Do you ever hear people talk about how they can always feel their loved one on the other side? How they’re always with them, guiding them and protecting them? Or maybe this has been you. Maybe you have felt close to, or even seen, someone close to you who has passed away. Maybe they’re always there when you feel lonely or broken or lost. Maybe you had a dream about them and woke up confused that they were gone again because it seemed. so. damn. real.
For nearly the past three years, I have heard people tell me these things. I’ve heard stories about how comforting and healing it was to feel their loved ones, see their faces, and hear what they had to say. And I’ve been suuuper annoyed, because this has never been my experience. Even worse is when other people have felt him when I can’t! Like- WHY?!?!?! I’ve always felt cut off from Gregg, like he just disappeared into thin air. This was especially unsettling for me because I do believe that there’s life after death and I would like to believe that the veil between here and there is thin enough that we can feel near to them. I mean, I’ve heard numerous stories of people having experiences that the more spiritual side of me believes, and the more cynical side of me calls bullshit on. I mean, I’ve never seen those things, they must not exist. But that’s also the naive and prideful side of me. And I clung to the idea that I could have those experiences. I prayed and prayed for something, anything. To be able to see him and hear his voice, or even just to feel his presence. To get one of those little reminders that he’s there, like his picture falling off the wall or finding his deodorant (which I’ve kept since he died, which is very un-creepy and 100% normal) on my bathroom counter. So yes, I was basically asking, begging, for my dead husband to haunt me.
And still- nothing. Well, almost nothing. I can remember two times distinctly where I have thought maybe that’s nothing, but maybe it’s something. Once when I was talking to Thomas, who was still two at the time, and out of nowhere he started looking off in the distance and then relayed to me something daddy had just told him that ended in him saying goodbye. That one felt pretty real at the time, but the rational side of me also thinks, “uh, yeah, that’s a two-year-old trying to make sense of the fact that this very important person in his life who he saw everyday just up and disappeared, not a visit from a dead person.”
Then two summers ago when I took the boys camping. Alone. It was so fun during the day, and so freaking terrifying at night. If we weren’t eaten by bears, I was sure we were going to be skinned alive by the man camping next to us. And what would I do? The boys were too young to run fast, but too big for me to carry and move faster than… well, than a in shape-ish woman trying to carry 70 pounds of toddler. And what could I do to defend us? Probably just piss off our attacker, maybe slow him down, a little.
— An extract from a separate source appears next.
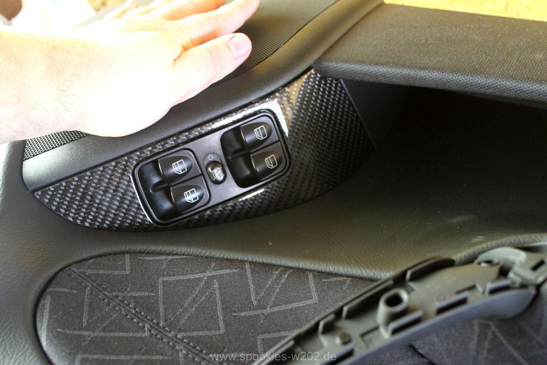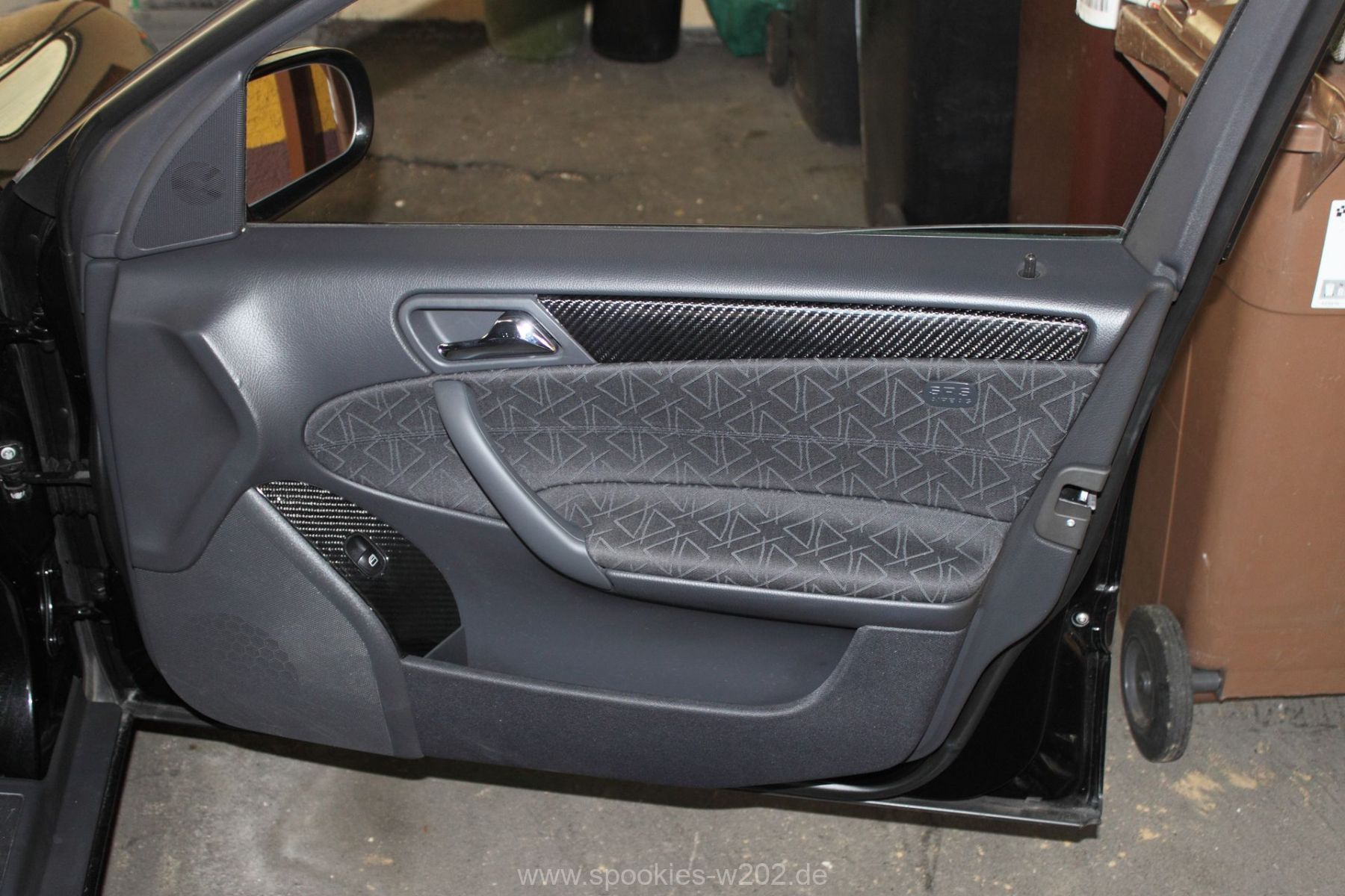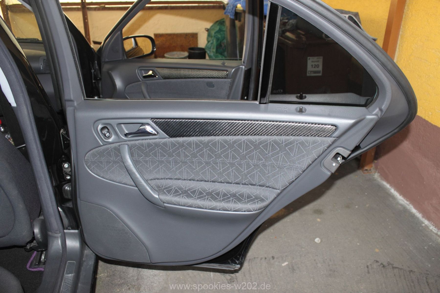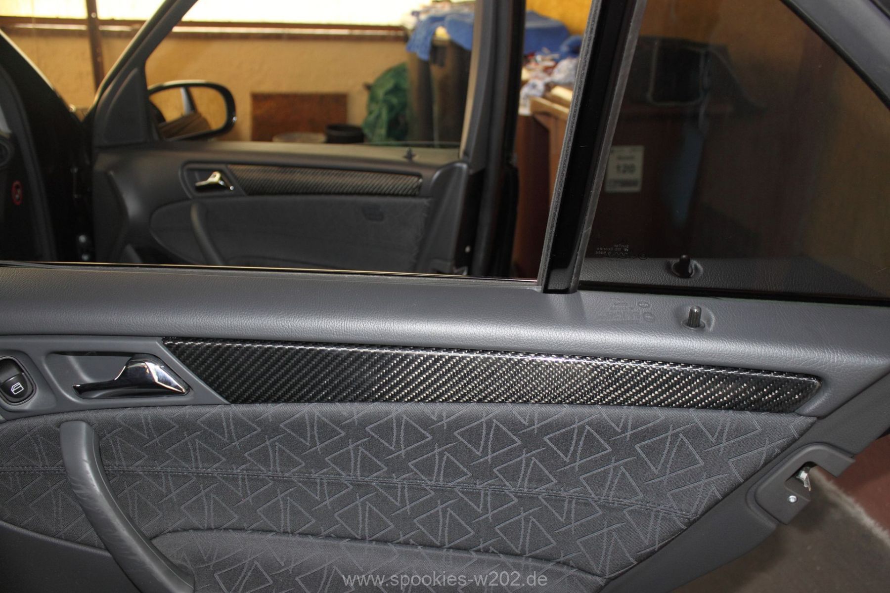 Mercedes-Benz C240 (W203) – Modifikationen – Interieur – Holzzierleisten wurden mit Echtcarbonfasern überzogen – Zierleistentausch Türverkleidungen
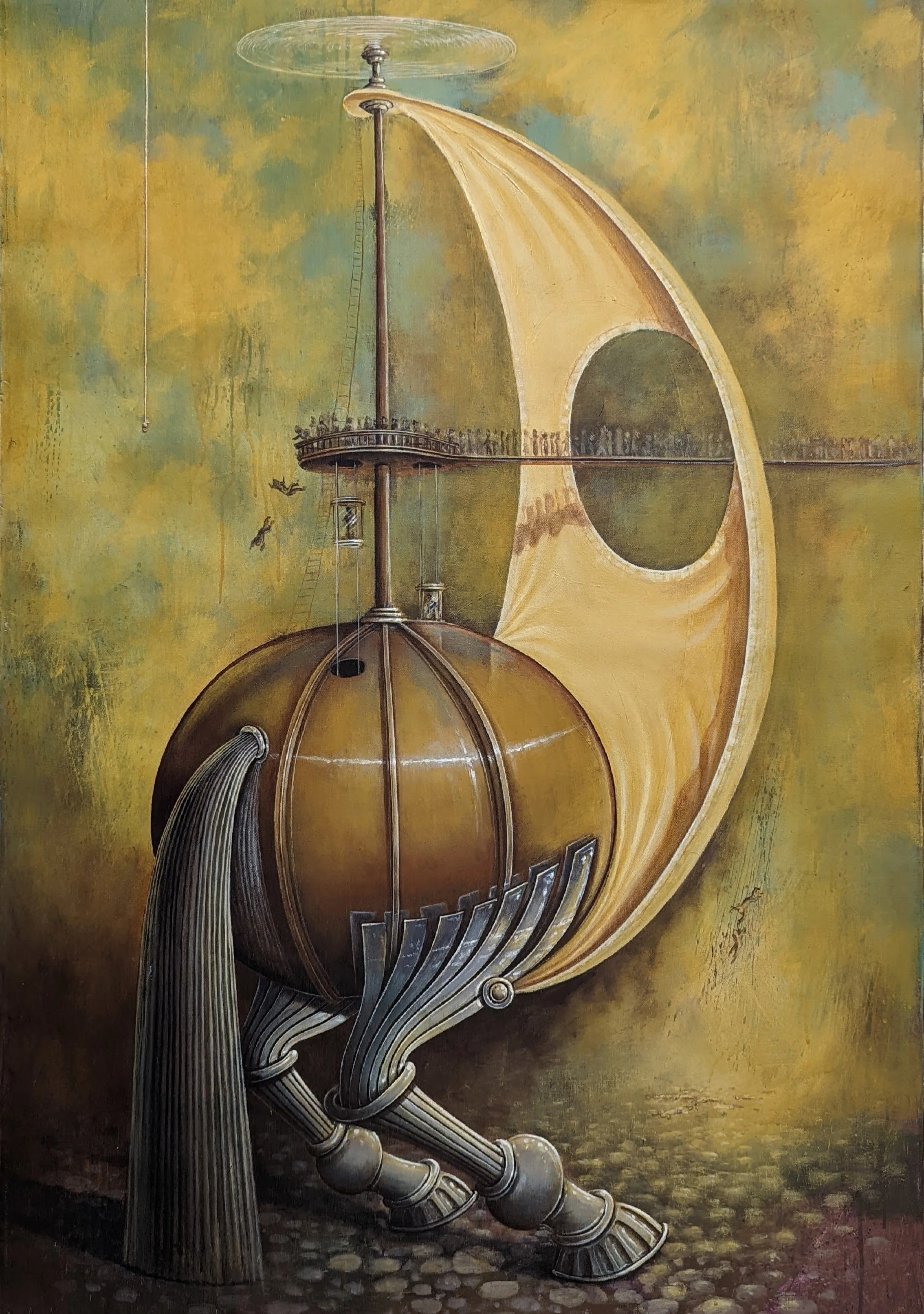 In his earthly horizons and those of parallel universes, Barea expresses the insistent human desire to seek. Traveling on otherworldly vessels sewn directly into painted canvas, his protagonists navigate the search of what it means to be oneself.

That night, as I sat petrified in fear, I felt Gregg. Like he was there protecting us, like he did when he was alive. It was as if because we were obviously in actual danger, he was suddenly able to tear away from whatever cool stuff he’s doing over there that’s more important than just, you know, hanging out with us. Now we needed him. And like some weird Twilight-y thing, I could feel closer to him because I was risking our lives… Camping is intense.
And that was it. No dreams (at least not good ones), no messages from the other side, nothing.
Until a couple weeks ago. I don’t even know how to describe it, but Gregg’s been here. It’s a hard feeling to explain and I don’t think we can truly understand it unless we’ve felt it. It’s not like I could turn around and see him right there. It’s like if I close my eyes, I just know that he’s there. If I close my eyes, the image of my surroundings imprinted on my brain has him in it. With every move I make, I’ll never touch him, but he’ll be moving along with me, matching my pace and staying right by my side without ever interfering. And I can’t even pinpoint anything that happened that would have changed things. Just one day, I felt him sitting next to me in the car. And he’s been next to me ever since. Maybe I’m finally not as emotionally walled-up as I have been and more open to getting these feelings. Maybe he was too busy jumping out of Heaven airplanes and lifting Heaven weights. Maybe he had some serious work to do and he’s just now getting to the point where he has more free time. Or maybe he had some serious work to do and can just now understand where he is and what’s happening.
There was one other time when I felt Gregg. When I really needed to feel him and know what I should do. And the only feeling I got was confusion. Like being lost in the dark and not knowing which way was up. That doesn’t sound like a Heaven I believe in, but it does sound like how Gregg felt before he died. Maybe we don’t all of a sudden get this sense of understanding everything, maybe we don’t see it in neat little rows from start to finish. Maybe we are who we are and we still have to grow.
Whatever the reason that I can all of a sudden feel him, even if it’s just me in my own head, creating something outside of myself that will bring me comfort, I’ll take it.